Despite the fact that many researchers are attempting to identify subgroups of patients with subacute low back pain who are likely to gain the most from different interventions, there is little substantive evidence that such subgroups exist at all. Most studies that claim to have identified subgroups have reported on subgroup-specific findings that should be considered exploratory in nature (21). The best way to identify subgroups is by examining interaction effects in randomized controlled trials that prespecify a small number of putative effect modifiers in trial registers. However, as far as we know, such studies are not available.

Our study identified only a few predefined psychological characteristics of patients that predict greater benefits from advice or therapist-guided exercise for subacute low back pain. However, the effects were small, not clinically relevant, and could plausibly have been due to chance. Overall it can be concluded that these psychological characteristics do not predict response to physiotherapist-guided exercise or advice for patients with subacute low back pain who report low distress and low pain-related disability.

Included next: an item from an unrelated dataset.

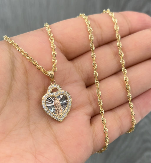 14k Gold Virgencita Pendant or Chain Set . PT-

At this stage it would be premature to dismiss the potential for treatment effect modification. It may be that psychological constructs different from the ones we measured predict response to exercise- or advice-based treatment, or that the constructs we measured predict response to other treatments for subacute low back pain. Equally, as the study population appeared to be rather psychologically healthy compared with a chronic pain population (29), it may be that a higher threshold level of these constructs is necessary for their effects to be apparent. We recommend that further exploration of effect modification be conducted. Given the required power to test for effect modification, there is a pressing need to analyze a limited number of effect modifiers, based on clear a priori hypotheses.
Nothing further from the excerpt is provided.